## What the task requires
Reproduce every line of the material below, but drop the pictures.

## Collected data
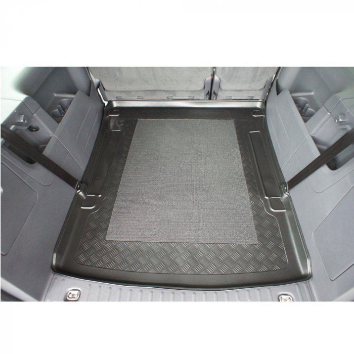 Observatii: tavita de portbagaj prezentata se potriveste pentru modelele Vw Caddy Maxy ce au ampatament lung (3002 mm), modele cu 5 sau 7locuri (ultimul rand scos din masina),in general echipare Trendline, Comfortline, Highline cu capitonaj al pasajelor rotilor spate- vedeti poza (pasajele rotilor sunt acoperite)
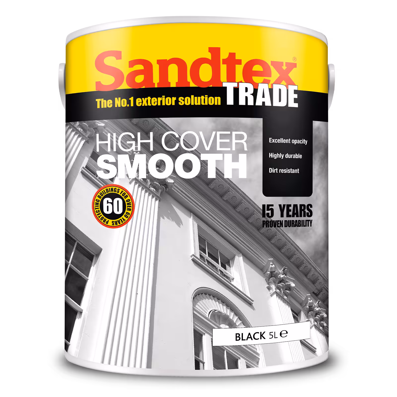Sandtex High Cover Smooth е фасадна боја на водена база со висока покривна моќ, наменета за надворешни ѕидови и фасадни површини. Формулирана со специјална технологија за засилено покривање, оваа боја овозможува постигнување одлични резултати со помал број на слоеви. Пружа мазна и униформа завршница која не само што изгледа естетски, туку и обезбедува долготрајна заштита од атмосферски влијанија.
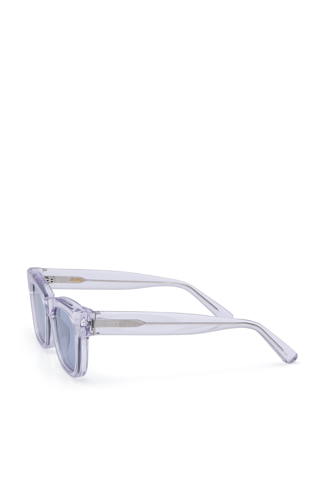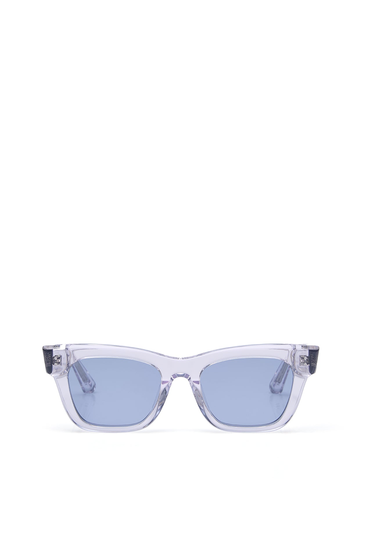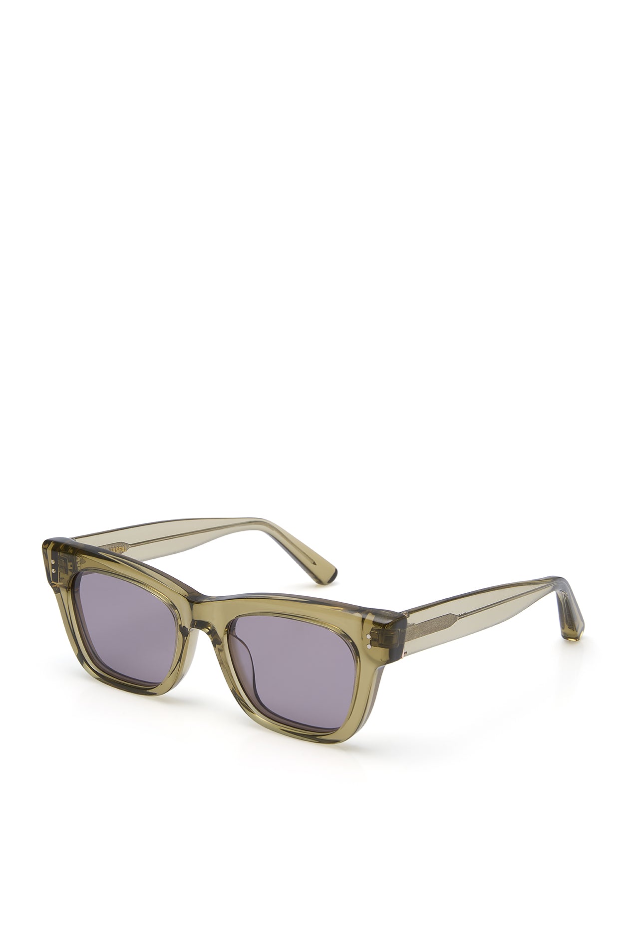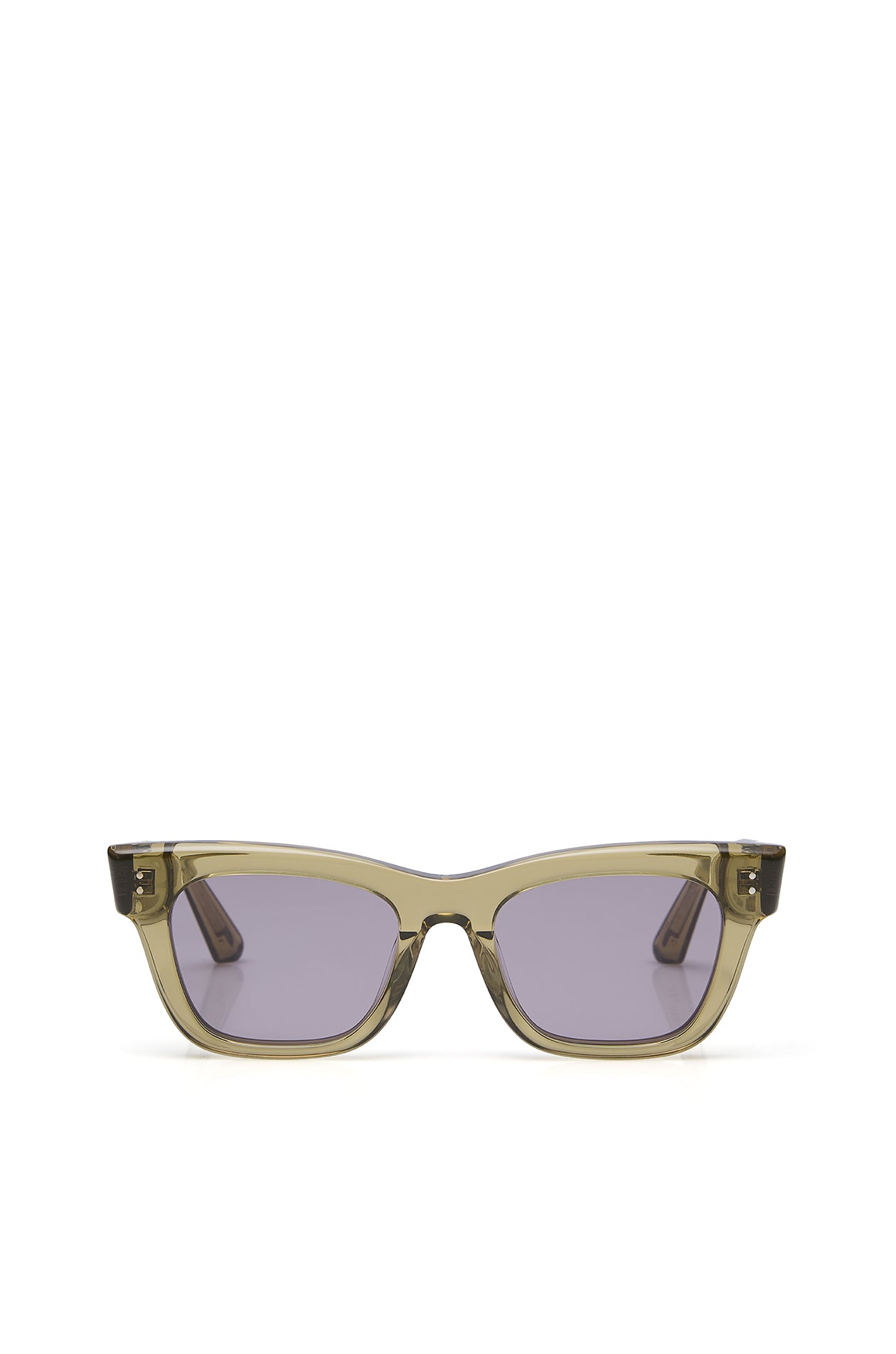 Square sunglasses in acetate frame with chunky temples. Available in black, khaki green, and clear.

## Reply to the exercise
 Observatii: tavita de portbagaj prezentata se potriveste pentru modelele Vw Caddy Maxy ce au ampatament lung (3002 mm), modele cu 5 sau 7locuri (ultimul rand scos din masina),in general echipare Trendline, Comfortline, Highline cu capitonaj al pasajelor rotilor spate- vedeti poza (pasajele rotilor sunt acoperite)
Sandtex High Cover Smooth е фасадна боја на водена база со висока покривна моќ, наменета за надворешни ѕидови и фасадни површини. Формулирана со специјална технологија за засилено покривање, оваа боја овозможува постигнување одлични резултати со помал број на слоеви. Пружа мазна и униформа завршница која не само што изгледа естетски, туку и обезбедува долготрајна заштита од атмосферски влијанија.
 Square sunglasses in acetate frame with chunky temples. Available in black, khaki green, and clear.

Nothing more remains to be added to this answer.